In the LLama2 architecture, **RMSNorm** is used (root mean square normalization). The main benefit of using RMSNorm is that it is more efficient than LayerNorm and it's performance decreases are neglible in practice. Notably, the hyperparameter $\beta$ is not used in RMSNorm

$$y_i=\frac{x_i}{\sqrt{\epsilon +\frac{1}{n}\sum{x_i^2}}}*\gamma_i$$


In [21]:
class RMSNorm(nn.Module):
    def __init__(self, embd_dim:int, eps=1e-5):
        super().__init__()
        self.eps = eps # epsilon
        self.embd_dim = embd_dim
        self.weight = nn.Parameter(torch.ones(embd_dim)).float()
    
    def forward(self, x:torch.Tensor):
        means = x.pow(2).mean(dim=-1, keepdim=True)
        x_norm = x * torch.rsqrt(means + self.eps)
        return (x_norm * self.weight).to(dtype=x.dtype)

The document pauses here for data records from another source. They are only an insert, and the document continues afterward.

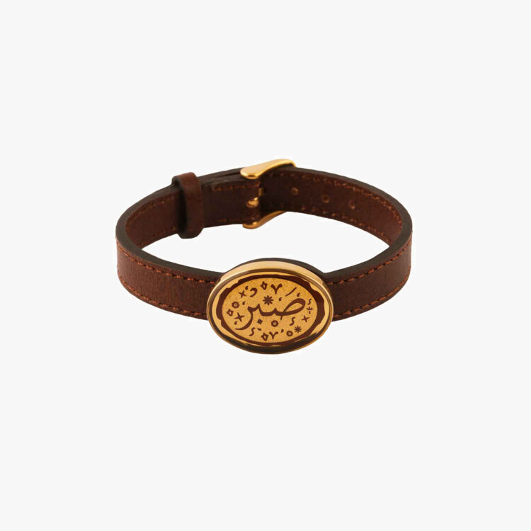 دستبند مردانه صبر با ورق طلا و چرم سری برنا
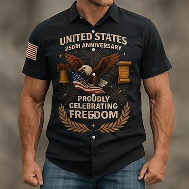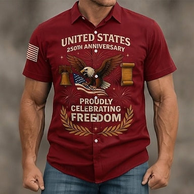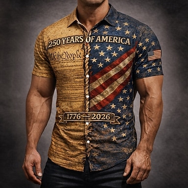 Amerikanischer Unabhängigkeitstag Herren Flagge 250. Jahrestag des Unabhängigkeitstages der USA am 4. Juli Amerikanische Flagge Knopfhemd Bedruckte Hemden Kurzarm Lässig Täglich Urlaub
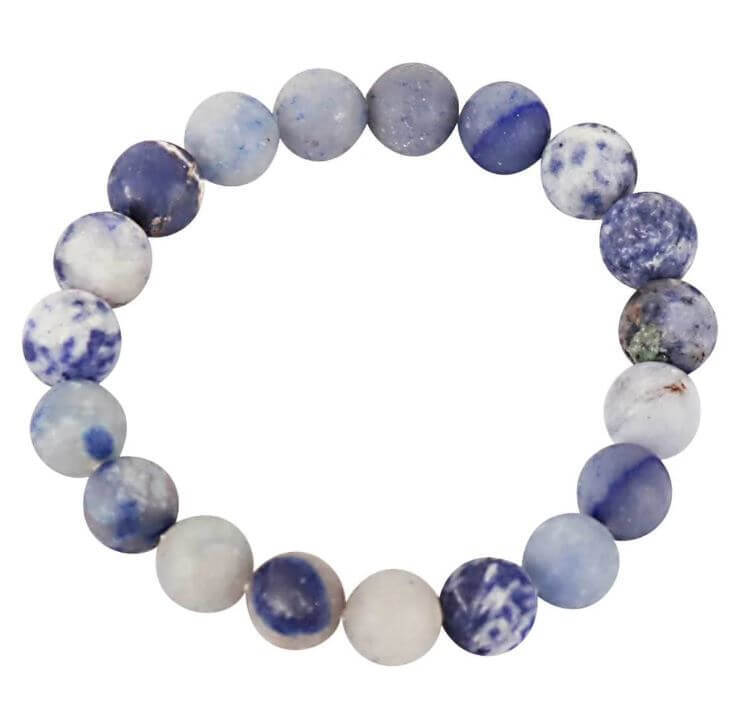 Dive into the celestial depths with our Neptune Bracelet, a mesmerizing creation handcrafted from the serene energies of Blue Aventurine, the deep blue elegance of Sodalite, and the soothing patterns of Blue Spot Jasper.
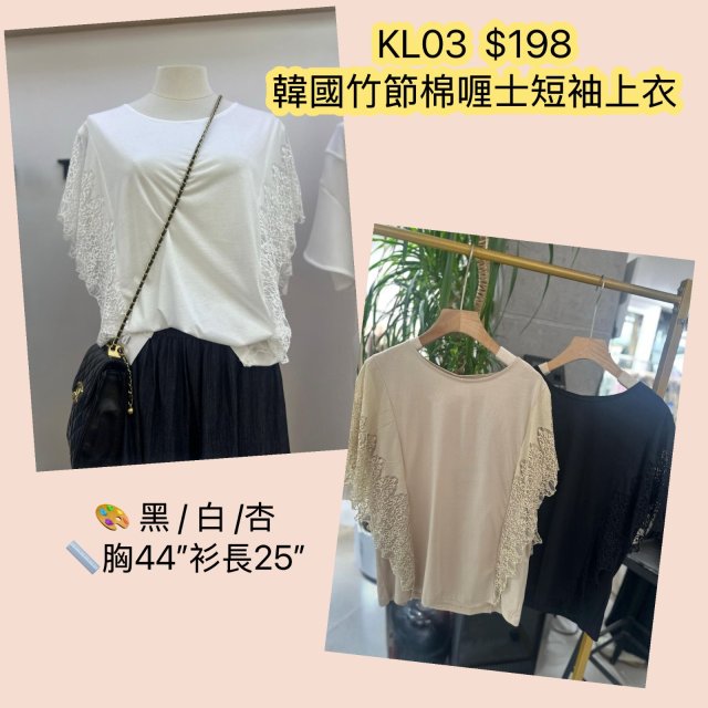 2026 4月韓國連線 韓國竹節棉網邊袖短袖上衣
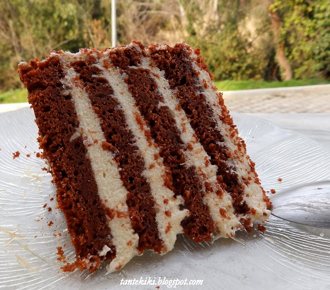Η συνταγή για το κέικ αλλά και την βουτυρόκρεμα, αν και μερικώς διαφοροποιημένα, ανήκουν στο "Magnolia Bakery". Βέβαια, ο "δαίμων" της δικής μου κουζίνας αφαίρεσε το χρώμα (το κέικ ήταν red velvet) για ευνόητους λόγους, μείωσε την ζάχαρη και στο κέικ αλλά και στην κρέμα και πρόσθεσε το τυρί κρέμα για να της χαρίσει μιαν άλλη νότα!! Τώρα, βέβαια, θα μου πείτε... αυτή είναι παραλλαγή της συνταγής ή άλλη συνταγή; Μου θυμίζει λίγο το παλιό τραγουδάκι ..."εμείς γι αλλού κινήσαμε κι αλλού η ζωή μας πάει" ή κάτι τέτοιο, τέλος πάντων!
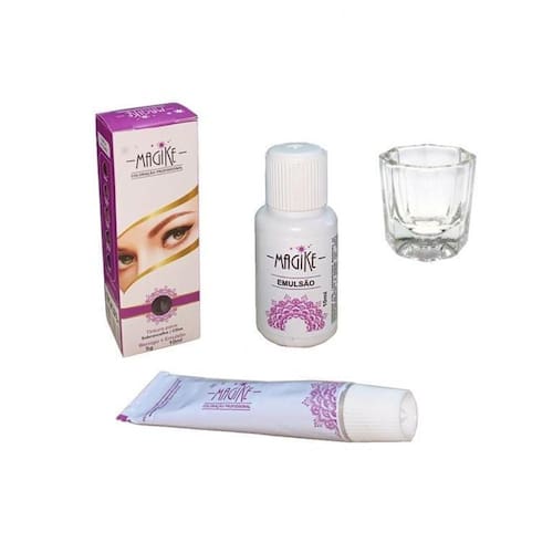 Magike coloracao 5g Uma tintura especifica para sobrancelhas, cilios, barba e bigode. Permitem criar um volume das raizes as pontas e suas sobrancelhas e cilios ficam mais destacadas e o melhor, de forma natural. E ideal para mulheres e homens que ja estao com seus pelinhos brancos, ou para quem esta com os pelinhos claros demais. A tinta e completamente e impermeavel a prova d'agua . Nutre e trata enquanto colore, realca fios claros e brancos. Diferente da henna, magike e utilizado para colorir o fio. - duracao: ate 2 meses - peso: bisnaga 5g e emulsao 10ml O dappen de vidro e utilizado em manipulacao de materiais de uso estetico, de uso para manicures, estetico, odontologico, medico e farmaceutico. Sua composicao a base de vidro permite ser totalmente autoclavavel, garantindo boa resistencia ao produto. - utilizado para manipulacao de po acrilico, monomer, maquiagens, henna e produtos odontologicos. - esterilizavel em autoclave a 137C. - disponivel na cor: transparente. - possui uma cavidade para as manipulacoes 10ml - altura e largura: 3,2 cm - nao acompanha pincel Marca: Não Informado

##### Forward Pass Step Through


In [22]:
inputs = torch.rand((4, 8))
rmsn = RMSNorm(embd_dim=8)
inputs

tensor([[0.0189, 0.5897, 0.3435, 0.6396, 0.5835, 0.6628, 0.8831, 0.2713],
        [0.7535, 0.1432, 0.0761, 0.6367, 0.8376, 0.4416, 0.8005, 0.3437],
        [0.9414, 0.9058, 0.2968, 0.6923, 0.4357, 0.1979, 0.1784, 0.7046],
        [0.1627, 0.2033, 0.6560, 0.0777, 0.2667, 0.8596, 0.5893, 0.6754]])

In [23]:
# Current unnormalized sum
inputs.sum(dim=-1)

tensor([3.9924, 4.0329, 4.3529, 3.4907])

In [24]:
# Take the mean along the feature dimension
inputs_mean = inputs.pow(2).mean(dim=1, keepdim=True)
inputs_mean

tensor([[0.3135],
        [0.3319],
        [0.3789],
        [0.2647]])

In [25]:
# Add epsilon and take sqrt
torch.sqrt(inputs_mean + rmsn.eps)

tensor([[0.5600],
        [0.5761],
        [0.6156],
        [0.5145]])

In [26]:
# But since we have x / RMS(x) lets take the reciprocal root
torch.rsqrt(inputs_mean + rmsn.eps)

tensor([[1.7858],
        [1.7359],
        [1.6245],
        [1.9436]])

In [27]:
# now multiply by the numerator x (inputs in this case) 
inputs_norm = inputs * torch.rsqrt(inputs_mean + rmsn.eps)
inputs_norm

tensor([[0.0337, 1.0531, 0.6135, 1.1422, 1.0420, 1.1836, 1.5770, 0.4846],
        [1.3081, 0.2486, 0.1322, 1.1052, 1.4539, 0.7665, 1.3895, 0.5966],
        [1.5292, 1.4715, 0.4822, 1.1246, 0.7078, 0.3215, 0.2898, 1.1447],
        [0.3161, 0.3952, 1.2751, 0.1509, 0.5183, 1.6706, 1.1454, 1.3128]])

In [28]:
# Finally, multiply by gamma_i, which are the learnable weights
inputs_norm * rmsn.weight

tensor([[0.0337, 1.0531, 0.6135, 1.1422, 1.0420, 1.1836, 1.5770, 0.4846],
        [1.3081, 0.2486, 0.1322, 1.1052, 1.4539, 0.7665, 1.3895, 0.5966],
        [1.5292, 1.4715, 0.4822, 1.1246, 0.7078, 0.3215, 0.2898, 1.1447],
        [0.3161, 0.3952, 1.2751, 0.1509, 0.5183, 1.6706, 1.1454, 1.3128]],
       grad_fn=<MulBackward0>)

In [29]:
rms = RMSNorm(inputs.size(-1))
rms.forward(inputs)

tensor([[0.0337, 1.0531, 0.6135, 1.1422, 1.0420, 1.1836, 1.5770, 0.4846],
        [1.3081, 0.2486, 0.1322, 1.1052, 1.4539, 0.7665, 1.3895, 0.5966],
        [1.5292, 1.4715, 0.4822, 1.1246, 0.7078, 0.3215, 0.2898, 1.1447],
        [0.3161, 0.3952, 1.2751, 0.1509, 0.5183, 1.6706, 1.1454, 1.3128]],
       grad_fn=<MulBackward0>)

### **Activation Functions**

Activation functions are non-linear functions connection linear layers in a neural network. Without the non-linear connection neural networks would only learn linear relationships. For example, if I have two matrices - without the activation function of course - and multiply them together, the output matrix would be equivalent to the first two layers, meaning the two layers would collapse into one.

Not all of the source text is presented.